3. Number of Experts Used to Establish the Ground Truth for the Test Set and Qualifications
- Number of Experts: Not specified.
- Qualifications of Experts: Not specified.
4. Adjudication Method for the Test Set
- Adjudication Method: Not specified. With no mention of expert review or ground truth establishment, no adjudication method is detailed.
5. Multi Reader Multi Case (MRMC) Comparative Effectiveness Study
- MRMC Study: No, a multi-reader multi-case (MRMC) comparative effectiveness study was not specifically mentioned or implied in the provided 510(k) summary. The summary focuses on demonstrating substantial equivalence to already marketed devices based on technological characteristics and general performance testing, rather than a direct comparison of physician performance with and without AI assistance.
- Effect Size of Human Reader Improvement: Not applicable, as no MRMC study (or AI assistance) was described.
6. Standalone (Algorithm Only) Performance Study
- Standalone Study: This device is a hardware fluoroscopic digital X-ray system, not an AI algorithm. Therefore, the concept of a "standalone (algorithm only)" performance study does not apply in this context. The performance described relates to the entire system's ability to acquire and process images.

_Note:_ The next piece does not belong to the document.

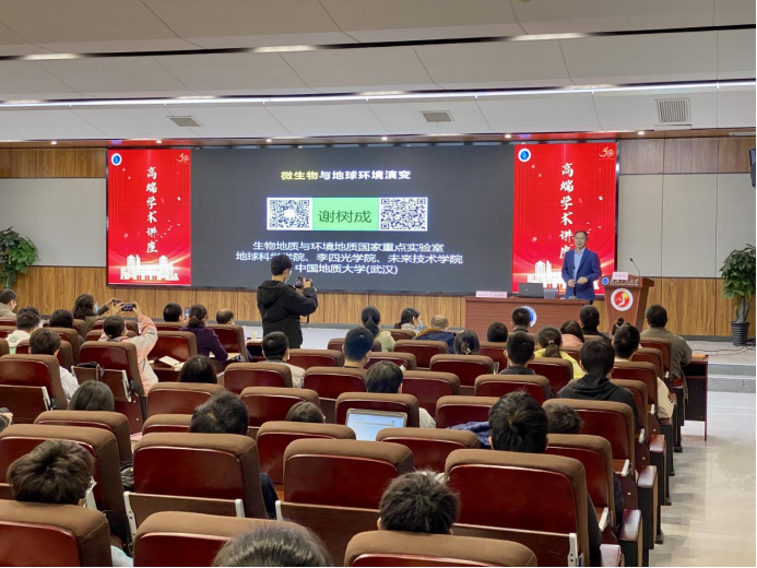 随后谢树成院士在图灵报告厅做了题为“微生物与地球环境演变”的学术报告。谢院士循序渐进、深入浅出的介绍了地球演化进程中地质微生物的重要性和挑战,提出利用地质脂类来识别岩石保存的地址微生物功能群的新方法。并以湖北神农架大九湖湿地作为典型介绍了一系列反映干湿变化的微生物新指标,提出消除碳排放的泥炭藓和共生微生物的恢复和保护策略;谢院士还在目前新冠病毒大流行的背景下介绍了地质病毒与古气候的关系,指出地质病毒未来重要突破方向。谢院士就老师们和同学们的提问进行了详细解答,并与师生分享了他在学科建设、人才培养等方面的宝贵经验。

7. Type of Ground Truth Used
- Type of Ground Truth: Not explicitly stated. The performance testing is generally described as validating that the device is "safe and effective" and "performs comparably" to predicate devices. For an imaging system, ground truth might involve:
- Physical Measurements: Using phantoms to verify spatial resolution, contrast resolution, noise, dose efficiency, etc.
- Clinical Image Quality Assessment: Expert review of images to ensure diagnostic interpretability, though this isn't detailed as "ground truth" establishment in the psychological sense.
- Comparison to Predicate: Performance is often benchmarked against images from the predicate device.
8. Sample Size for the Training Set
- Sample Size for Training Set: Not applicable. This device is a hardware imaging system, not an AI or machine learning algorithm that requires a "training set."
9. How the Ground Truth for the Training Set Was Established
- Ground Truth for Training Set Establishment: Not applicable, as there is no training set for a hardware device.